Parallelhashlist was updated to version 1.31 ...

[aminer]

Hello,


In my previous version of ParallelHashList even if i have used
lock striping , synchronizing access to the counter that computes
the number of entries in the hashtable was reintroducing the scalability
problem of exclusive locking, this counter was  called a hot field because
every mutative operation needs to access it. In version 1.31, parallelhashlist
maintains an independant counter , that counts the number
of entries , for each segment of the hashtable and it uses a lock
for each counter and  this is better for scability.  also i have changed
parallelhashlist to use only 100 lightweight  MREWs (multiple-readers -exclusive-writer)
this will lower the memory consumption  and  this allows multiple threads
to write and read concurently. I am using lock striping with
100 lightweight MREWs (multiple-readers -exclusive-writer) and
this allows up to 100 parallel writes, but this upper bound on
parallel writes will not affect parallel reads, so this will give a good
performance and a good scalability .


Description:

A parallel HashList with O(1) best case and O(log(n)) worst case
access that uses lock striping and 100 lightweight MREWs
(multiple-readers -exclusive-writer) , this allows multiple threads
to write and read concurently. I am using lock striping with
100 lightweight MREWs (multiple-readers -exclusive-writer) and
this allows up to 100 parallel writes, but this upper bound on
parallel writes will not affect parallel reads, also parallelhashlist
maintains an independant counter , that counts the number of
entries , for each segment of the hashtable and uses a lock for
each counter, this also for better scalability.

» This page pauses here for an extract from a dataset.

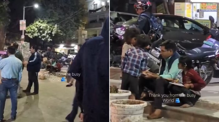 The viral clip shows the man seated on the pavement, surrounded by a group of children who have little to no access to formal schooling. Eschewing the modern trend of seeking digital “clout,” the man is seen patiently explaining lessons, completely indifferent to the cameras or the bustling traffic of Sheikh Sarai.

You can download parallelhashlist version 1.31 from:

http://pages.videotron.com/aminer/


Language: FPC Pascal v2.2.0+ / Delphi 5+: http://www.freepascal.org/

Operating Systems: Win , Linux and Mac (x86).


and please take a look at the benchmarks here:

http://pages.videotron.com/aminer/parallelhashlist/queue.htm

Note: When i have done those benchmarks , there was not enough/much items
organized as a self-balancing tree in the individual chains of the
hashtable, so , almost all the items was found and inserted in O(1) , so
the parallel part in the Amdahl equation was not much bigger compared
to to the serial part. But you will notice in pratice that as soon as you will have
more items on the chains of the Hashtable, organized as self-balancing tree,
with a worst case log(n)  , the parallel part will become bigger in the Amdahl
equation and you will have better performance and scalability than the numbers
in the graph of the benchmarks
...


Thank you.

Amine Moulay Ramdane.

[aminer]

Hello

You can use the parallel Iterate() method of parallelhashlist
when also you want to do a sort by keys, but don't forget
to use my other parallelsort library to sort in parallel your array
that you have to fill from inside the the TIterateFunc callback..

You can download my parallelsort library from:

http://pages.videotron.com/aminer/


Amine Moulay Ramdane.

[aminer]

Hello,


All the source code of my following freewares are available on the zipfiles..


Parallel compression library

Parallel sort library

Parallhashlist

Threadpool engine

Lockfree MPMC and SPMC

etc.



You can download the source code of all those freewares from:

http://pages.videotron.com/aminer/



Thank you.


Amine Moulay Ramdane.

[aminer]

I wrote about parallelhashlist this:


"Note: When i have done those benchmarks , there was not enough/much items organized as a self-balancing tree in the individual chains of the hashtable, so , almost all the items was found and inserted in O(1) , so the parallel part in the Amdahl equation was not much bigger compared to to the serial part. But you will notice in pratice that as soon as you will have more items on the chains of the Hash table , organized as self-balancing tree, with a worst case log(n)  , the parallel part will become bigger in the Amdahl equation and you will have better performance and scalability than the numbers in the graph of the benchmarks ... "


Cause you can increase p by doing more of the same: Increase the volume of data processed by the P part  (and therefore the percentage p of time spent in computing). This is Gustafson's Law.



Amine Moulay Ramdane.